In full and unchanged, set down the entries that follow, with no images.

________________________________________

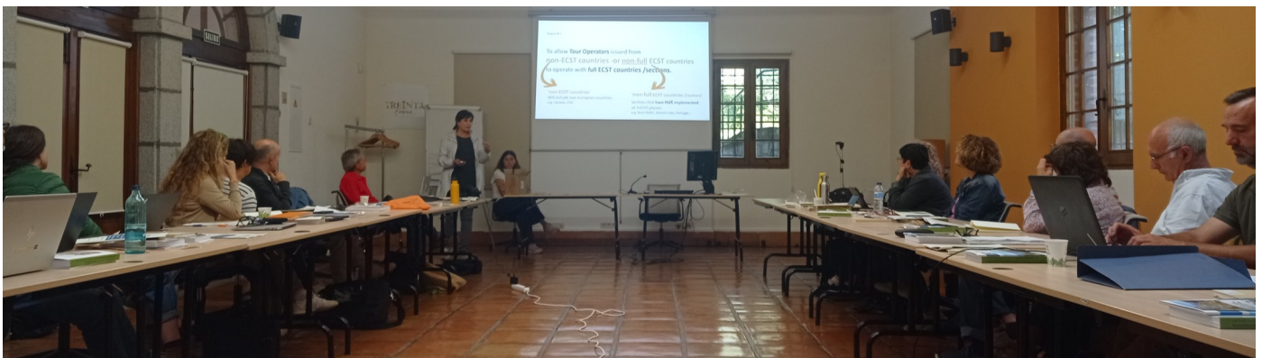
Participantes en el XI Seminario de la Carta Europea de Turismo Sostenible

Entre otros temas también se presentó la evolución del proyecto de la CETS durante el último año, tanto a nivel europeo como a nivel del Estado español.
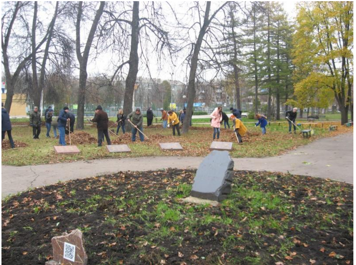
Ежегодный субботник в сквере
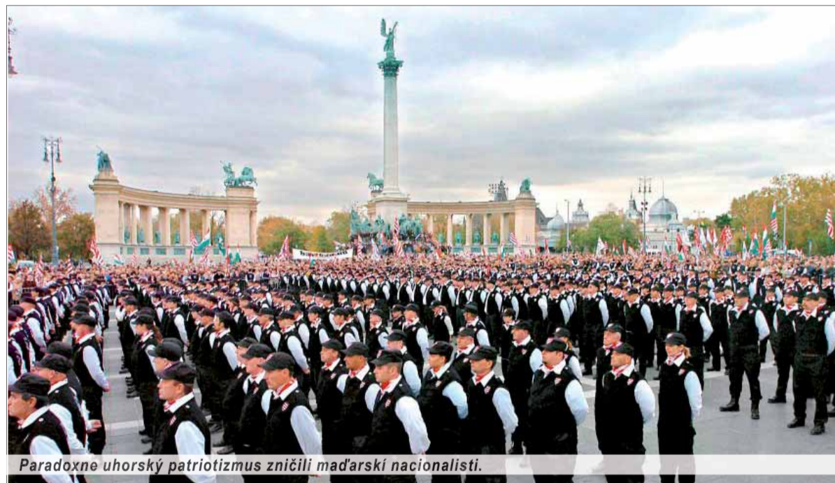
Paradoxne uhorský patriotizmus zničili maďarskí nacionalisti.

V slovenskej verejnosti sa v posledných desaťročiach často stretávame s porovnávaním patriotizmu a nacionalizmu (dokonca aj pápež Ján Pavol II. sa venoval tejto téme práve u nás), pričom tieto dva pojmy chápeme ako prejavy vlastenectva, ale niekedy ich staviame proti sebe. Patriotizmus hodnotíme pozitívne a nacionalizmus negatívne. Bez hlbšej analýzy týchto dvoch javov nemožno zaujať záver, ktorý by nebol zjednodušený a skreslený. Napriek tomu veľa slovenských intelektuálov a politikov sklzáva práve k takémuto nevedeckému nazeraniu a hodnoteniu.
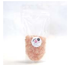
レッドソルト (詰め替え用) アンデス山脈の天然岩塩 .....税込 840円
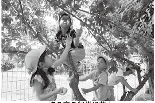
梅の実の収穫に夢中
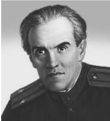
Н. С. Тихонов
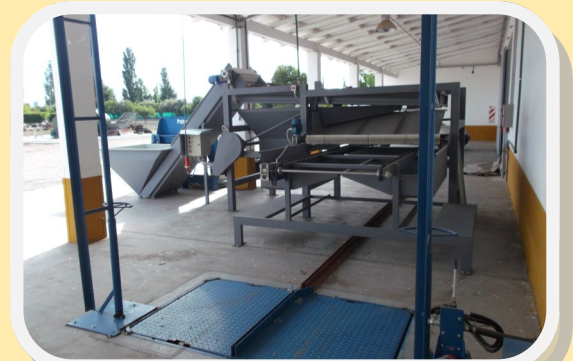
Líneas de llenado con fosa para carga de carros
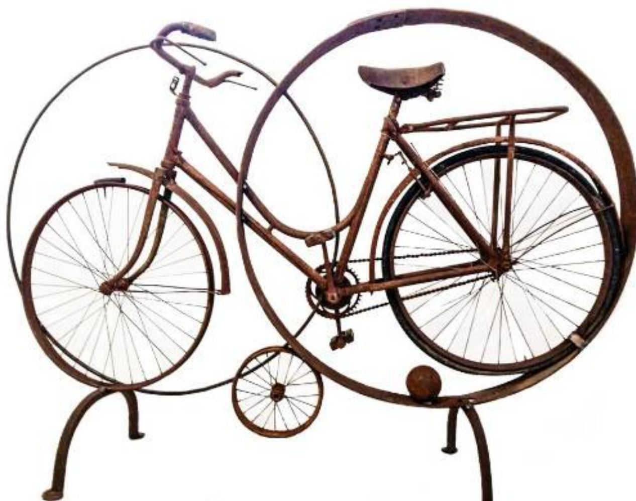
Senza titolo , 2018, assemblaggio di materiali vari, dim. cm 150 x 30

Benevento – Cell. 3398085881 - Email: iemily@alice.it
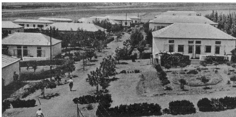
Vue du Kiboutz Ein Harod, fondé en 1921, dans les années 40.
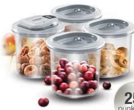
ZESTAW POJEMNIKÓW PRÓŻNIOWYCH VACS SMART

________________________________________

■ Exercise answer ■
Participantes en el XI Seminario de la Carta Europea de Turismo Sostenible

Entre otros temas también se presentó la evolución del proyecto de la CETS durante el último año, tanto a nivel europeo como a nivel del Estado español.
Ежегодный субботник в сквере
Paradoxne uhorský patriotizmus zničili maďarskí nacionalisti.

V slovenskej verejnosti sa v posledných desaťročiach často stretávame s porovnávaním patriotizmu a nacionalizmu (dokonca aj pápež Ján Pavol II. sa venoval tejto téme práve u nás), pričom tieto dva pojmy chápeme ako prejavy vlastenectva, ale niekedy ich staviame proti sebe. Patriotizmus hodnotíme pozitívne a nacionalizmus negatívne. Bez hlbšej analýzy týchto dvoch javov nemožno zaujať záver, ktorý by nebol zjednodušený a skreslený. Napriek tomu veľa slovenských intelektuálov a politikov sklzáva práve k takémuto nevedeckému nazeraniu a hodnoteniu.
レッドソルト (詰め替え用) アンデス山脈の天然岩塩 .....税込 840円
梅の実の収穫に夢中
Н. С. Тихонов
Líneas de llenado con fosa para carga de carros
Senza titolo , 2018, assemblaggio di materiali vari, dim. cm 150 x 30

Benevento – Cell. 3398085881 - Email: iemily@alice.it
Vue du Kiboutz Ein Harod, fondé en 1921, dans les années 40.
ZESTAW POJEMNIKÓW PRÓŻNIOWYCH VACS SMART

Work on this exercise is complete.